He is a wealthy, but spoiled dilettante; she is a poor, hard-working and demure virgin. They meet when she becomes a maid in his mansion, and fall in love, but class differences will keep them apart. However, she is not poor; she is the illegitimate child of a wealthy tycoon, who regrets abandoning her, dies, and leaves her a fortune. Now the lovers can be together. But wait… scheming villains and lustful temptresses still conspire to keep them apart, until the final chapter when the schemers are punished, the good rewarded, and the title characters wed.
In a nutshell, that is the typical storyline of a telenovela. Growing up, I remember watching these over-the-top melodramas, these stories about upward mobility, good and evil, crime and ultimate punishments and rewards. There was always something comforting about them, but as I grew older, there was also something annoying and predictable about the genre. The male leads were always addressed by first and middle name; they were always a Luis Alfredo, Juan Carlos, or Jose Armando, which would certainly sound more aristocratic than just plain Luis, Juan, or Jose.
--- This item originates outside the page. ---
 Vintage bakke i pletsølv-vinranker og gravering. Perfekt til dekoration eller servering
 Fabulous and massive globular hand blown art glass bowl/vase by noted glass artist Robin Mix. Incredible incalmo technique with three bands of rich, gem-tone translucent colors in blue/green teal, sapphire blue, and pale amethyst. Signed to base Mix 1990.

As for the lead women, Maria is a popular name, for obvious reasons. Telenovelas have a Manichean bent; they’re about the struggle of good versus evil, and what spells good more clearly than being named after Jesus’ mother? However, some writers, like the famous Delia Fiallo, go through phases in which they have a penchant for certain types of names. In Fiallo’s case, what I remember most is her precious stones phase, when her heroines were all named after a precious stone. Hence, Topacio, Rubi, and Esmeralda.
It would be easy to dismiss telenovelas as “high opera in low-cut clothing” (Barrientos, 2006). But that would also be wrong and an oversimplification of the genre, and of the Latin American market for these products. Telenovelas are a significant cultural and economic force within the Latin American television industry. Furthermore, not every production company churns out the same kind of melodramatic fare that has become the canon for telenovelas. As Carolina Acosta states, melodramas may be the obvious example, but that is not all there is. Here’s a link to the talk she gave at MIT on this subject (fast forward to 14:00, or so).
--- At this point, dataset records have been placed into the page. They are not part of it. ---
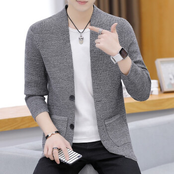 针织衫男士2020春秋季潮牌新款韩版修身休闲长袖纯色开衫毛衣潮流时尚百搭外套 Z8505 深灰色 XL
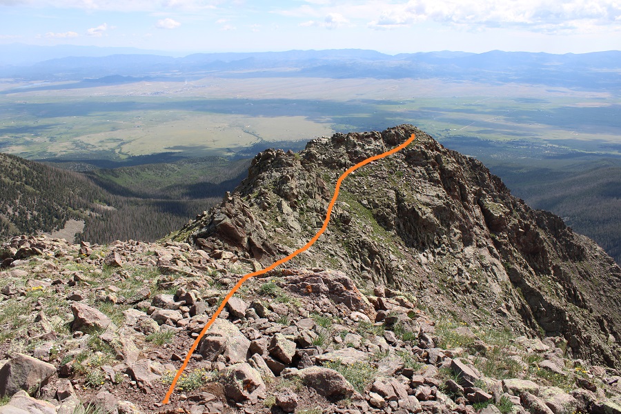 After the chimney, it’s straightforward class 2 to the top of the ridge to the first false summit.
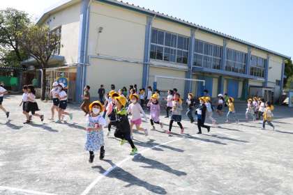 月曜日の朝は1・3・5年生のランランランです。学年毎走るコースを変えて走ります。
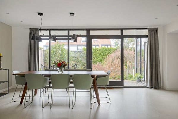 Royale en lichte woonkamer (ca. 8.48 x 6.01m) met brede schuifpui naar terras en tuin.

In Colombia RCN and Caracol have produced some of the most successful telenovelas of recent memory, without shying away from controversial subjects, like drug trafficking and Colombia’s obsession with plastic surgery. El Cartel de los Sapos, and Sin Tetas no hay Paraiso dealt with these subjects. Both have had success in international syndication. However, one of the biggest success stories has been RCN’s Yo Soy Betty, la Fea (I am Betty, the Ugly One). Penned by Fernando Gaitan for RCN, this is a telenovela that has been remade 19 times. The original version was sold into syndication and broadcast all over Latin America, in Switzerland, India, Eastern Europe, and China among other countries.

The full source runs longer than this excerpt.